Imagine this clinical scenario...
You are a small animal veterinarian working at a referral hospital. You decide to review your processes for identifying which dogs with suspected or confirmed sepsis are at high risk of mortality. You are aware of the quick Sequential Organ Failure Assessment (qSOFA) to facilitate earlier interventions and improve patient outcomes, but do not know how effective it is as a predictor of mortality. You decide to consult the evidence to find out more.
The evidence
Four relevant papers were identified, all of which were retrospective cohort studies. Each paper examined the use of qSOFA to identify patients at higher risk of mortality, and used survival or non-survival as the outcome studied.

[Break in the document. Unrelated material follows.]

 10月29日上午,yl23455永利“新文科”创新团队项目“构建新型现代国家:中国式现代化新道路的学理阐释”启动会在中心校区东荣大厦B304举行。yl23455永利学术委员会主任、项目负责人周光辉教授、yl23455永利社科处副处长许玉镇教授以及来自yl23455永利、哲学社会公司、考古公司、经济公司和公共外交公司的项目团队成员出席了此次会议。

Donati et al. (2022) retrospectively reviewed the cases of 52 female canine patients referred to a veterinary hospital for treatment of pyometra between 2013 and 2019. Each patient was assigned a qSOFA score between 0 and 3.

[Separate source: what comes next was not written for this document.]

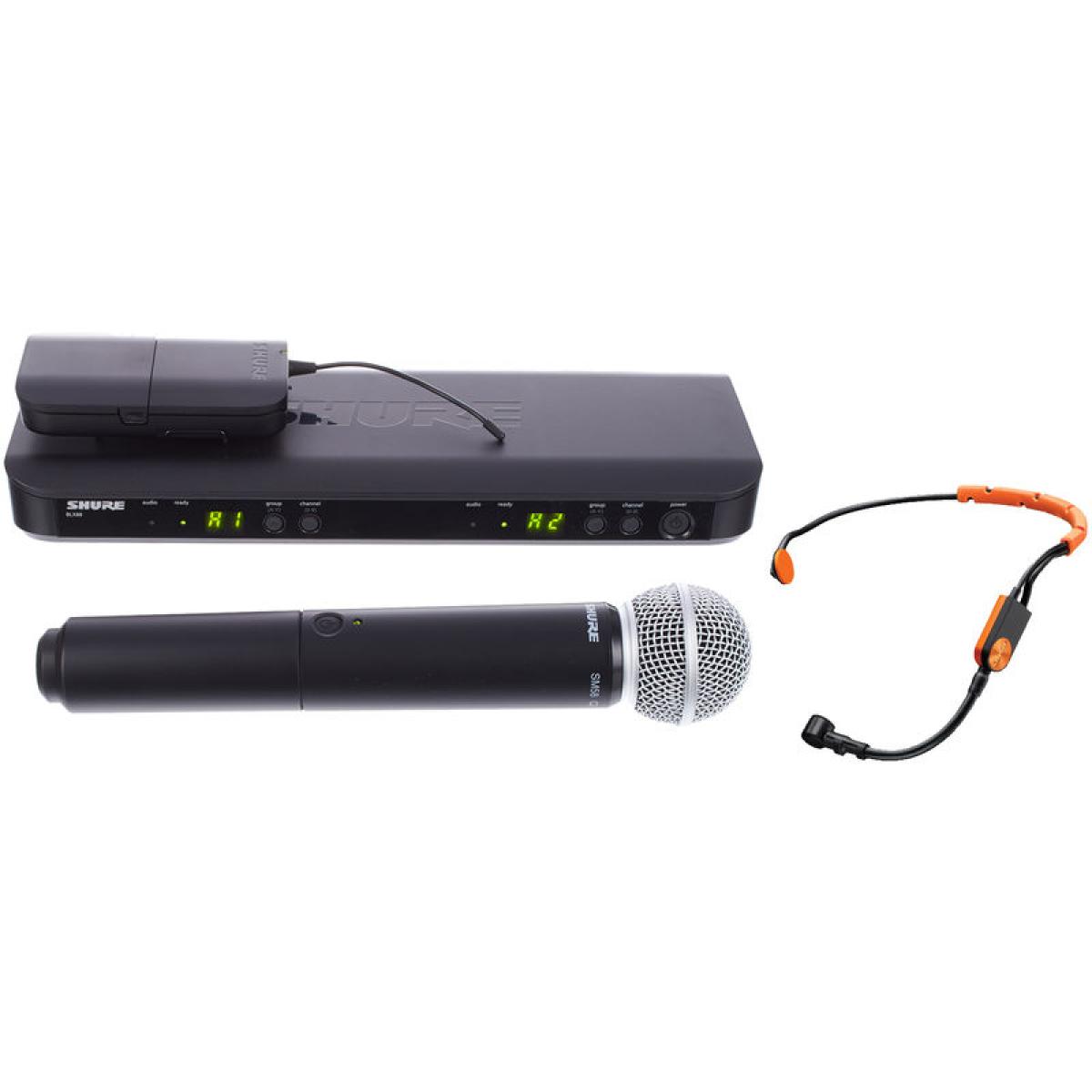 SM31FH, micrófonos SM58, receptor BLX4 y transmisor BLX1. Receptor compatible con hasta 12 canales grupales.

Orlotani & Bellis (2021) retrospectively reviewed the cases of 267 dogs, admitted to an intensive care unit (ICU) between 2017 and 2018. 14 of the dogs were septic and 253 were non-septic. All patients were assigned a qSOFA score between 0 and 3.
Osgood et al. (2022) retrospectively reviewed the cases of 90 dogs admitted to a veterinary hospital between 2010 and 2019 with clinical signs of sepsis. The researchers searched digital medical records using the search terms ‘septic’ and ‘sepsis’. 45 dogs had Systematic Inflammatory Response Syndrome (SIRS), 38 dogs had severe sepsis, and 7 had septic shock. Patients were assigned a qSOFA score between 0 and 3.

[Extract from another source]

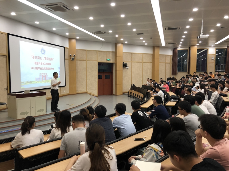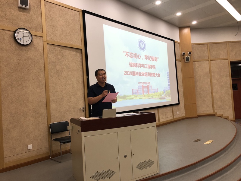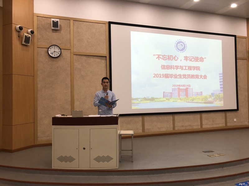 为加强毕业生党员离校教育,进一步强化广大毕业生党员的党性意识、宗旨意识和组织纪律观念,充分发挥毕业生党员在毕业离校环节中的先锋模范作用,6月19日晚,av在线 党委召开毕业生党员离校教育大会,以“不忘初心、牢记使命”为主题,对2019届毕业生党员进行离校前的集中党性教育。av在线 党委书记侍洪波,专职组织员魏群、吴江洁,毕业班辅导员潘恬以及2019届全体本科、研究生党员参加了此次教育大会。

Stastny et al. (2021) retrospectively reviewed the cases of 204 canine patients with a clinical diagnosis of sepsis at a university hospital between 2011 and 2018. 143 had septic peritonitis, 26 had septic soft tissue infections, 20 had pyometra, and 15 had pyothorax. Patients were assigned a qSOFA score between 0 and 3.
Limitations of the evidence
The overall strength of evidence was weak. All four papers were retrospective studies which is not a robust form of study design. Three papers (Donati et al., 2022, Orlotani & Bellis, 2021, Stastny et al., 2021) did not use a control group at all, while Osgood et al. (2022) used a control group of dogs diagnosed with non-infectious SIRS, rather than healthy dogs, which would have provided a more useful control variable. Three papers (Donati et al., 2022, Orlotani & Bellis, 2021, Stastny et al., 2021) also failed to compare the use of qSOFA to other illness severity scores, which makes it more difficult to evaluate the efficacy of qSOFA.
The overall strength of evidence was weak. All four papers were retrospective studies which is not a robust form of study design.
Three papers (Orlotani & Bellis, 2021, Osgood et al., 2022, Stastny et al., 2021) failed to include details of treatment the patients had received prior to being referred to hospital, which may have had an impact on scoring and clinical outcomes.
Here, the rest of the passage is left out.